In the figure below, three ballot boxes are connected by cords, one of which wraps over a pulley having negligible friction on its axle and negligible mass. The masses are mA = 30.0 kg, mB = 40.0 kg, mC = 28.0 kg.

The image is a horizontal pulley, with mass mA on the left, and B and C on the right side, underneath the pulley and connected by a rope.

(a) When the assembly is released from rest, what is the tension in the cord that connects boxes B and C?
1 N

(b) How far does box A move in the first 0.250 s (assuming it does not reach the pulley)?
2 m

To find the tension in the cord connecting boxes B and C, we need to analyze the forces acting on each box.

First, let's calculate the force of gravitational pull acting on each box:

Fg_A = mA * g
Fg_B = mB * g
Fg_C = mC * g

where g is the acceleration due to gravity (approximately 9.8 m/s^2).

Since the system is in equilibrium (no net acceleration), the tension in the cord connecting B and C will be equal to the difference in gravitational forces on the two boxes:

T_BC = Fg_B - Fg_C

Substituting the values:

T_BC = (mB * g) - (mC * g)
= g * (mB - mC)
= 9.8 * (40 - 28)
= 11.76 N

Therefore, the tension in the cord connecting boxes B and C is 11.76 N.

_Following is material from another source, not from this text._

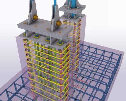 stalowa konstrukcja wsporcza zacieniaczy membranowych wraz z posadowieniem,

To find how far box A moves in the first 0.250 s, we can use the formula for displacement under constant acceleration:

d = 0.5 * a * t^2

In this case, box A is not accelerating, so its initial velocity is 0 m/s and the acceleration is also 0 m/s^2. Therefore, the displacement will be 0.

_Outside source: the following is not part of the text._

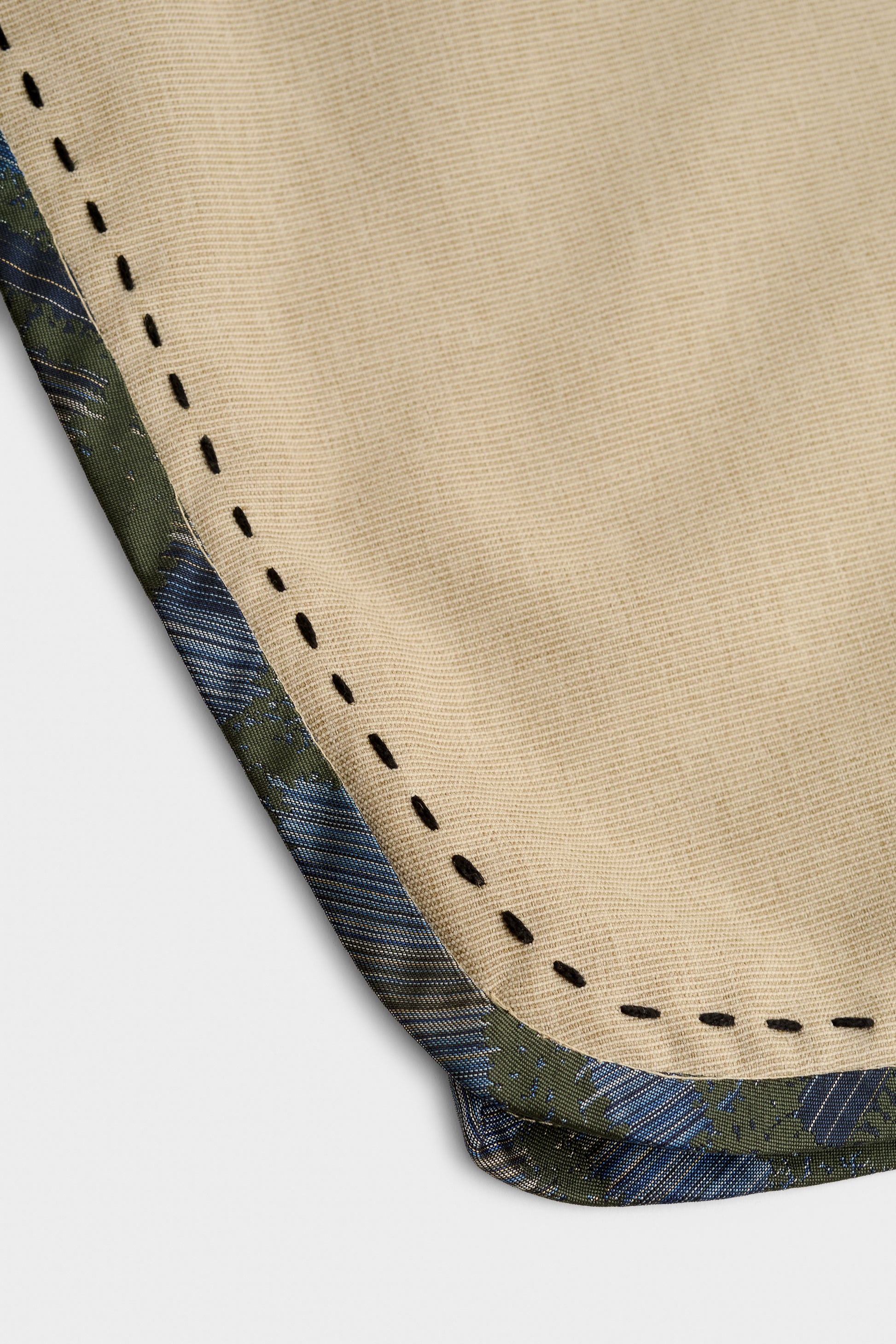 These trousers take cues from Mongolian everyday wear. The beige cotton base is accented with blue and green patterned trim along the pockets and side seams, finished with decorative topstitching.

So, box A does not move in the first 0.250 s and the displacement is 0 m.

(a) To find the tension in the cord that connects boxes B and C, we can use Newton's second law of motion. The tension in the cord will be equal to the force required to accelerate the combined masses of B and C.

Since the assembly is released from rest, the net force acting on the system will be the gravitational force acting downwards on the combined masses of B and C. The tension in the cord will be equal in magnitude but opposite in direction to this gravitational force.

The gravitational force acting on the combined masses of B and C can be calculated using the formula:

F = (mB + mC) * g

where mB and mC are the masses of B and C respectively, and g is the acceleration due to gravity (approximately 9.8 m/s^2).

Given that mB = 40.0 kg and mC = 28.0 kg, the total mass of B and C is 40.0 kg + 28.0 kg = 68.0 kg.

Plugging these values into the formula, the gravitational force is:

F = (68.0 kg) * (9.8 m/s^2) = 666.4 N

Since the tension in the cord is equal in magnitude but opposite in direction to the gravitational force, the tension is:

Tension = -666.4 N

However, since tension is a scalar quantity, we take the absolute value to get the final answer:

Tension = 666.4 N

So, the tension in the cord that connects boxes B and C is 666.4 N.

(b) To calculate how far box A moves in the first 0.250 s, we can use the kinematic equation:

s = ut + (1/2)at^2

where s is the displacement, u is the initial velocity (which is zero since box A is at rest), a is the acceleration, and t is the time.

Since box A does not reach the pulley, we can assume that its acceleration is the same as the combined acceleration of B and C. The net force acting on the system is the gravitational force, which causes an acceleration of the entire system.

The acceleration of the system can be calculated using Newton's second law:

F = ma

where F is the gravitational force of the system and m is the total mass of the system (mA + mB + mC).

Given that mA = 30.0 kg, mB = 40.0 kg, mC = 28.0 kg, the total mass of the system is:

m = 30.0 kg + 40.0 kg + 28.0 kg = 98.0 kg

Plugging this value into the formula, the acceleration of the system is:

F = (98.0 kg) * (9.8 m/s^2) = 960.4 N

Now, we can substitute the values into the kinematic equation:

s = (0) * (0.250 s) + (1/2) * (960.4 N) * (0.250 s)^2

s = 0 + (1/2) * 960.4 N * 0.0625 s^2

s = 30.025 m

So, box A moves a distance of 30.025 m in the first 0.250 s (assuming it does not reach the pulley).